佐藤快磨(たくま)監督の商業映画デビュー作は、親になること、成長することを描いていちいち腑に落ちました。お酒の失敗も、わかっていて断れないのも強要する周りも悪い。双方酔っ払っているから歯止めがききません。たすくは遅いけれど、気づかないわけではありません。失敗を繰り返しながら、なだれ込むラストに泣けました。
ナマハゲは子どものころ、祖父の家にやって来たのを覚えています。怖くてギャーギャー泣きながら「泣いてない」って言ってました(笑)。子どもには「悪い子にならない」歯止めになる行事でしょう。

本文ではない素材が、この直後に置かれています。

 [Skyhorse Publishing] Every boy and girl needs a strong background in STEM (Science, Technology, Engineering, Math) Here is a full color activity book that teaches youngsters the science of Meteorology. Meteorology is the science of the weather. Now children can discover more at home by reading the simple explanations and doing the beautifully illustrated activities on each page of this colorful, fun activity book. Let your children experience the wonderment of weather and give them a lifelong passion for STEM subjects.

太賀さんは『生きちゃった』でも滂沱の涙。やはりもひとつしっかりしていない父役でした。童顔なので、「大人になりきれない」役が似合ってしまうのかも。
女性は子宮の我が子と10ヶ月つきあいます。つわりで苦しんだり、だんだん重くなるお腹をかばったり、足のむくみや腰痛に耐えた末、最後に陣痛がきて産み落とし、やっと母親になります。その間父親になる人はどれだけ関わっているでしょう。しかもその後は授乳だ夜泣きだとろくに眠れないのが母親です。一律には言えませんが、子どもが産まれた時点でこんなに差があって、男性に父親の自覚が足りないのも当然です。女性だとて、みんながすぐに母親の自覚が持てるわけではありません。親と子は一緒に育っていくものと思ったほうがいいです。四の五の言わずに毎日目の前のことをやって生きていけば、いつのまにかみーんな年取って大人になっちゃっています。ほんとは中身は大して変わってないけど、そこもみんな同じですよ。(白)

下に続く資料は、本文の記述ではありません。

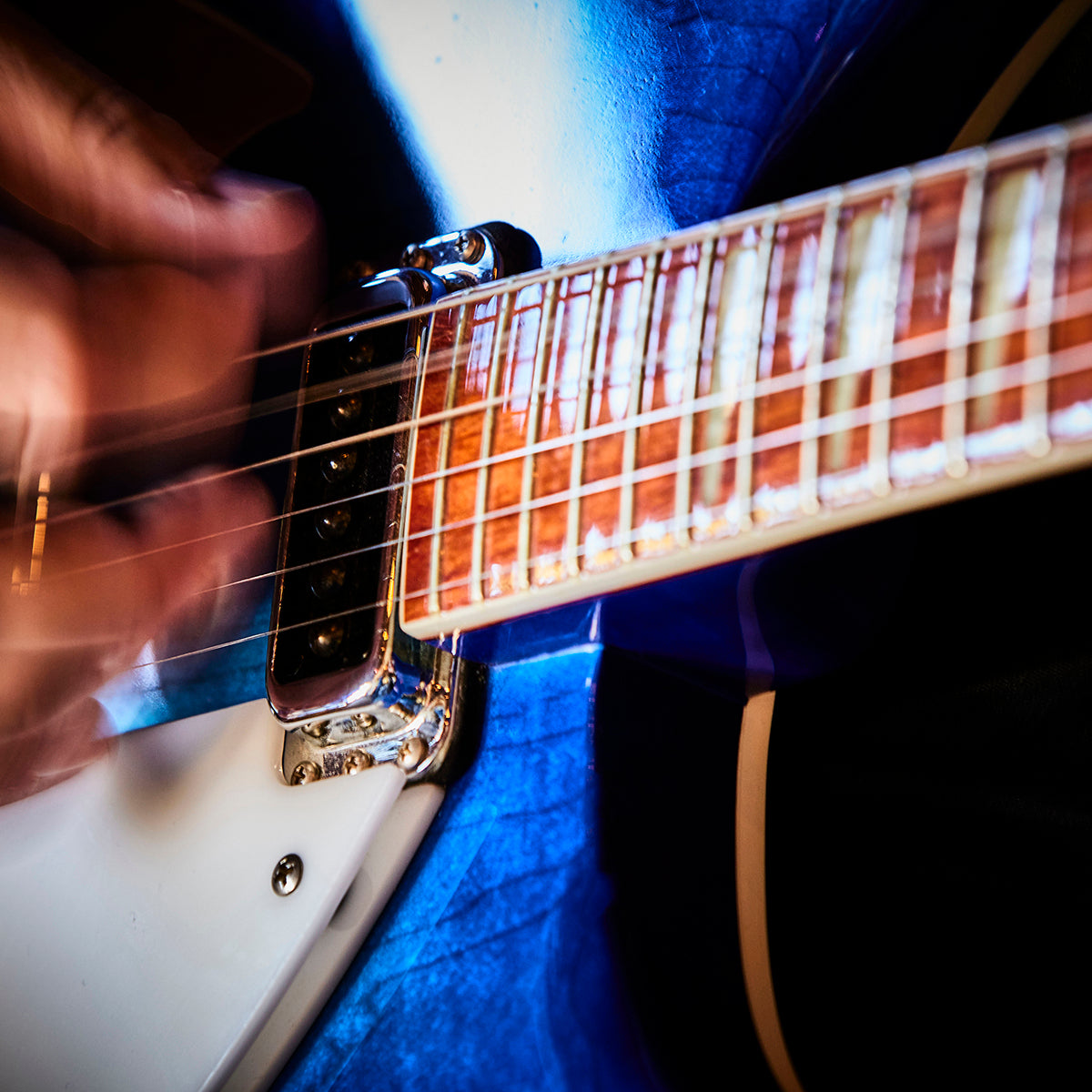A photo of the Blueburst Rickenbacker 360/6 that gave the band its name. Four colors to pick from.

たすくが役所に出生届を出しに行ったところから作品は始まります。娘が生まれたことが本当にうれしそう。演じた太賀さんの全身からそのオーラがにじみ出ています。この人、実際に子どもが生まれたら、こんな風に喜ぶんだろうな、なんてことまで考えてしまいました。
しかし、その後は一転して、親になり切れないたすくのダメっぷりがクローズアップされ、物語の空気感が変わってきます。(白)さんが書いているように、父親は母親と違い、10ヶ月の準備期間がなく、生まれた瞬間いきなり父親にならなきゃいけないから大変なんですよね。しかし、母親も慣れない育児で精神的には不安定。そんな母親の様子も作品ではしっかり描いています。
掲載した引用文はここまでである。